Below this line are records; write out exactly the lines from the one containing "Порно комикс Невинная" through the one containing "だいぶメンバーが変わったので記録用に作ってみた みんなすきだ〜〜〜〜! #弊ワットのパーティ事情", with the pictures left out.

*** DATASET Section Begins ***

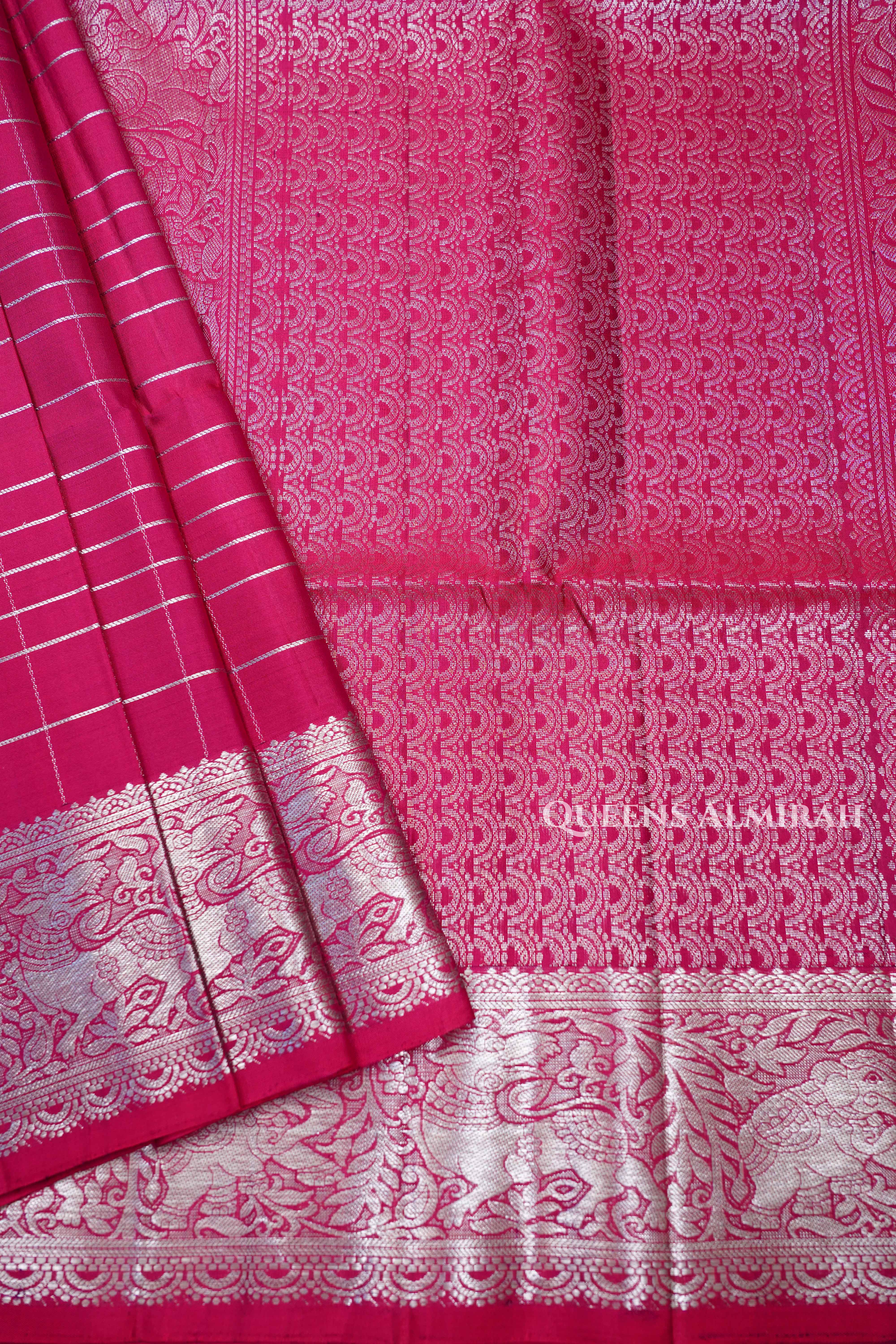 This vibrant pink Pure Kanchivaram soft Silk Saree from Queens Almirah is adorned with silver zari checks and richly woven motifs. The contrast zari pallu and border add a regal charm, making it a perfect drape for weddings, festivals, and grand celebrations. A timeless weave that blends tradition with elegance.
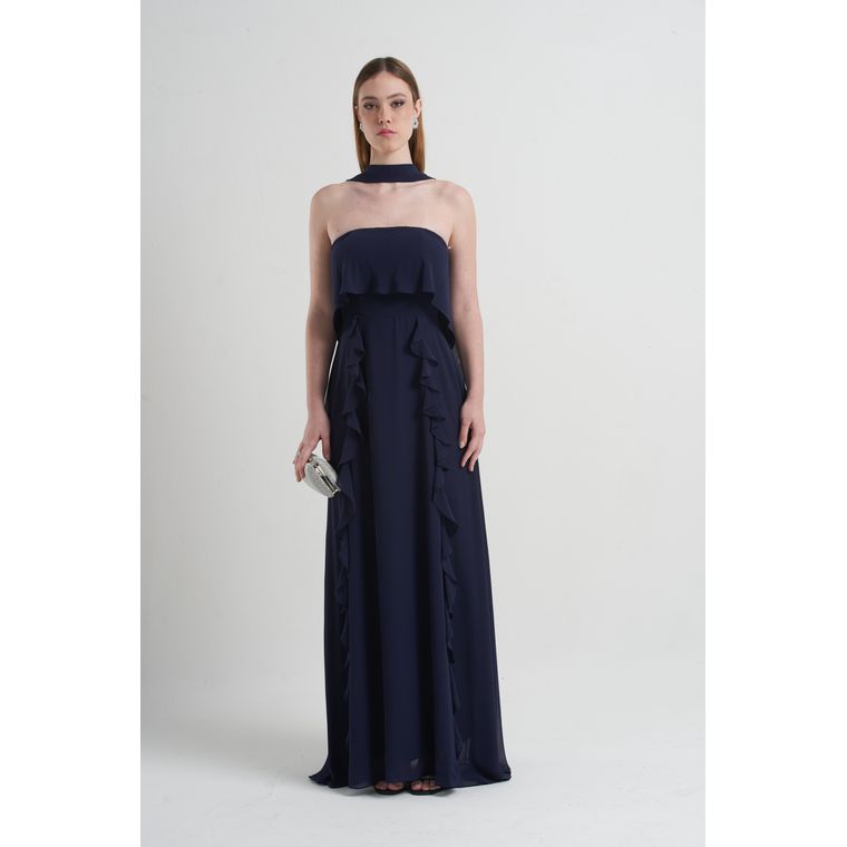 Vestido Ravena é a escolha certa para quem busca sofisticação atemporal com um toque moderno. Confeccionado em tecido leve e refinado, o modelo tomara que caia valoriza o colo e os ombros, enquanto a faixa de transparência no busto adiciona sensualidade sutil. A saia longa fluida, com babados verticais, proporciona movimento elegante e alonga a silhueta, tornando o visual imponente e marcante para ocasiões especiais.
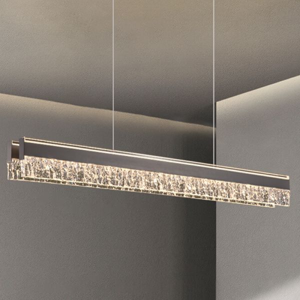 Translucent Island Light Fixture, Rectangular Design, Direct Wired Electric, Polymer Shade, Third Gear Color Temperature for Residential Use, Versatile Hanging Length
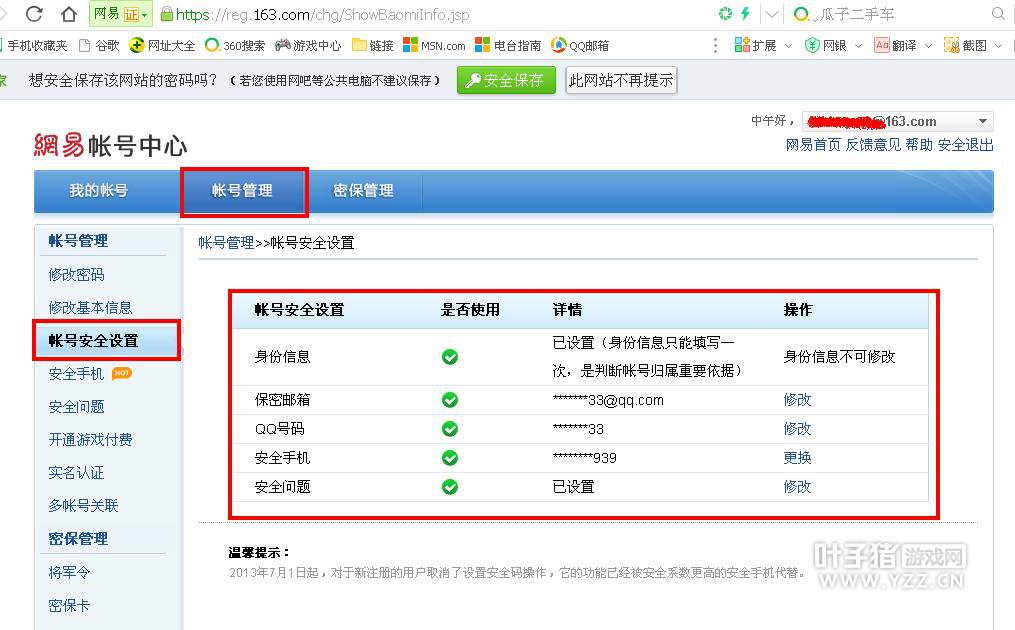 最后请麻烦每个人都登陆自己的账号查看下这些安全信息是否设置了。假如号忘了或被盗了。可以通过这些来修改。如下图: 账号安全设置
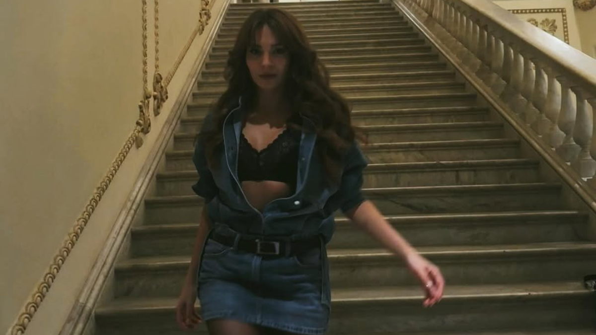 Şahin, jean bir etek ve jean gömlek kombini yaptı. Gömleğinin düğmelerini açan Şahin, siyah dantelle iç çamaşırı ile bakana bir daha baktırdı.
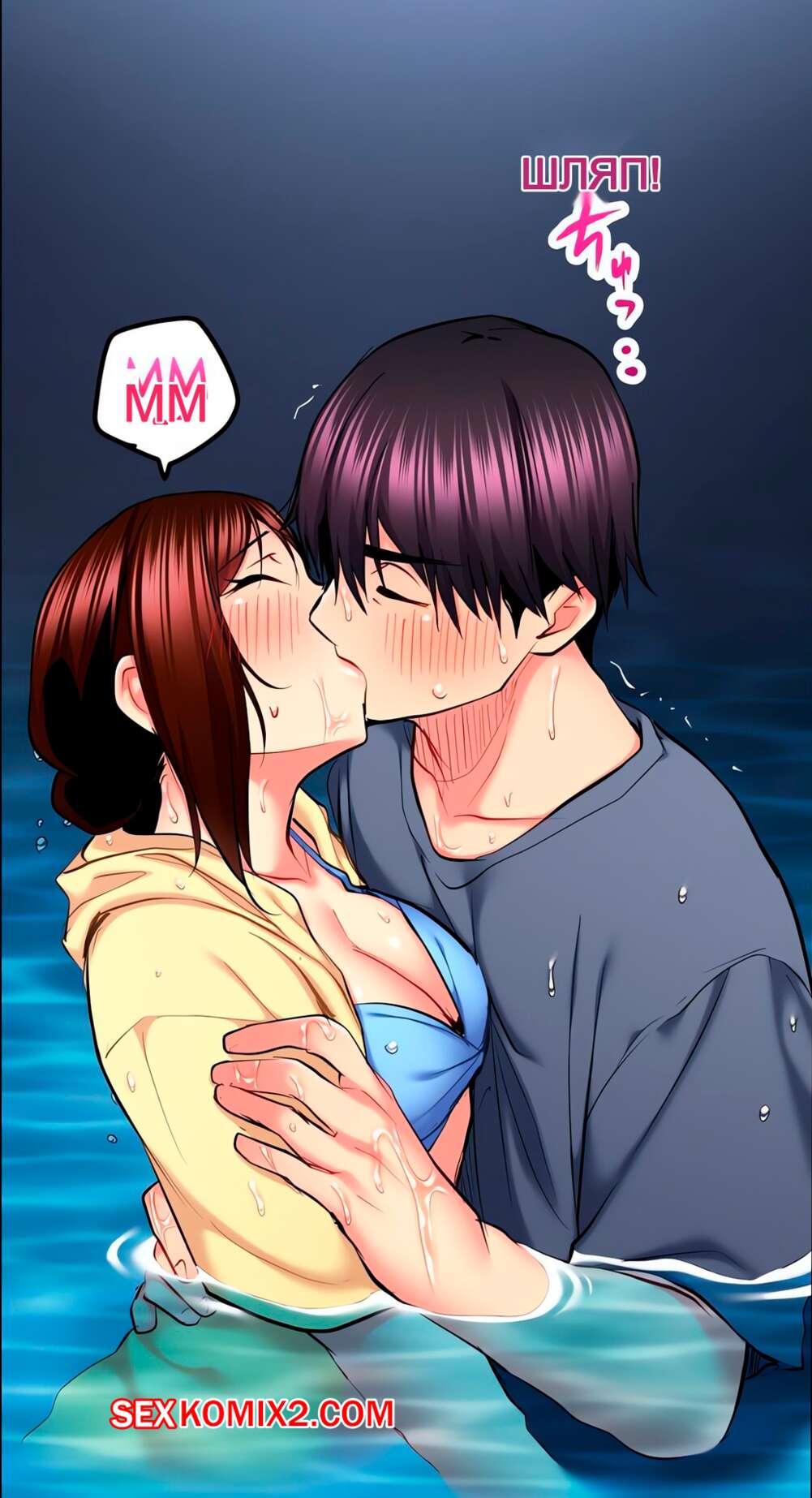 Порно комикс Невинная телепевица. Без цензуры. Часть 46 и 47 и 48 Парень с девушкой пошли в бассейн, чтобы расслабиться. Кроме них там никого не было, поэтому они спустились в воду и стали страстно целоваться, желая немного пошалить.
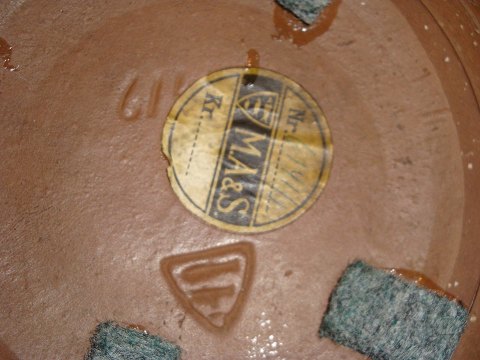 Beautiful dish in blue and brown colors Designed by Michael Andersen, Bornholm.
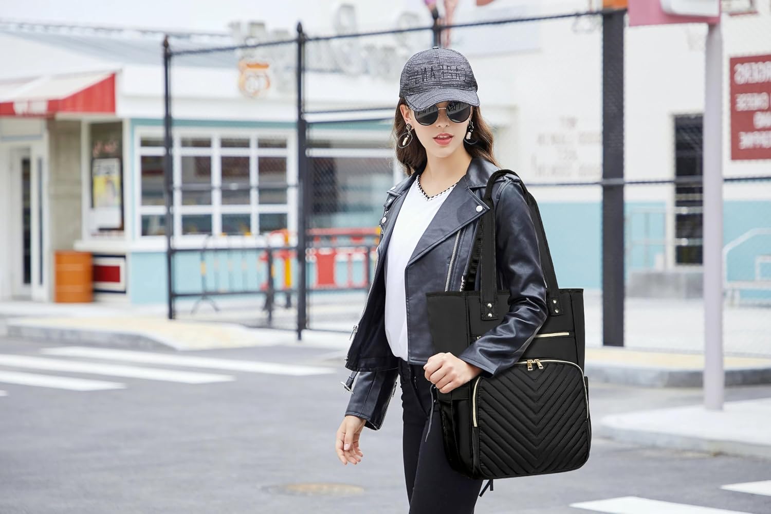 CAFELE 17 Inch Laptop Backpack, Quilted Handbag Handbag Laptop Work Bag, Cute Travel Backpack for Women
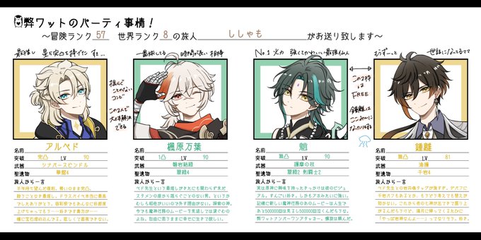 だいぶメンバーが変わったので記録用に作ってみた みんなすきだ〜〜〜〜! #弊ワットのパーティ事情
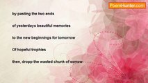 </>The little girl sat under the mango tree <br />Swinging her feet up and down on the swing <br />Staring into space <br />Oblivious to the surroundings <br />A little butterfly flew past her <br />Grazing her ears as it flew <br />Dark raven hair framed her tiny face <br />Long dark lashes cascaded hazel eyes <br />A teardropp escaping her eyelid <br />Gently fell on her cheek <br />Inside the wooden hut <br />The woman stumbled once <br />Her nose bled <br />Her feet numb <br />Her lips blue <br />She held the suitcase tight <br />The door closed forever <br />She walked slowly towards the girl <br />A dark shadow towered over her <br />Obscuring her from her own flesh and blood <br />Such a sacrifice <br />For her freedom <br />From the gallows <br />A second of hesitation <br />They looked at each other <br />Child and adult <br />Oh how she longed to hug the tiny creature <br />The fruit of her womb <br />Reassurance? <br />Consolation? <br />The tears fell in torrents <br />Like monsoon rain <br />A whisper <br />A croak <br />“Good bye my heart, <br />I have to leave now <br />But I’ll be back for you <br />I promise! ” <br />The little girl stood motionless <br />A frozen statue <br />A still picture <br />The clock stopped chiming <br />The woman turned away <br />Unable to bear it anymore <br />Slowly she walked away <br />Heavy footsteps <br />One, two, three, four, five <br />Pitter patter <br />Tiny steps <br />A gentle tug on her skirt <br />She turned around <br />A tiny voice <br />“Mummy, please, <br />Don’t take your perfume <br />I want to keep your smell with me <br />Even if, I cannot see you anymore! ” <br /> <br />A frail heart shattered <br />A tiny spirit trembled <br />While, behind them <br /> <br />A voice thundered <br />The devil smiled<br /><br />Aminath Neena<br /><br />http://www.poemhunter.com/poem/perfume-6/

*** DATASET Section Ends ***

▸ **EXPECTED ANSWER**:
 Порно комикс Невинная телепевица. Без цензуры. Часть 46 и 47 и 48 Парень с девушкой пошли в бассейн, чтобы расслабиться. Кроме них там никого не было, поэтому они спустились в воду и стали страстно целоваться, желая немного пошалить.
 Beautiful dish in blue and brown colors Designed by Michael Andersen, Bornholm.
 CAFELE 17 Inch Laptop Backpack, Quilted Handbag Handbag Laptop Work Bag, Cute Travel Backpack for Women
 だいぶメンバーが変わったので記録用に作ってみた みんなすきだ〜〜〜〜! #弊ワットのパーティ事情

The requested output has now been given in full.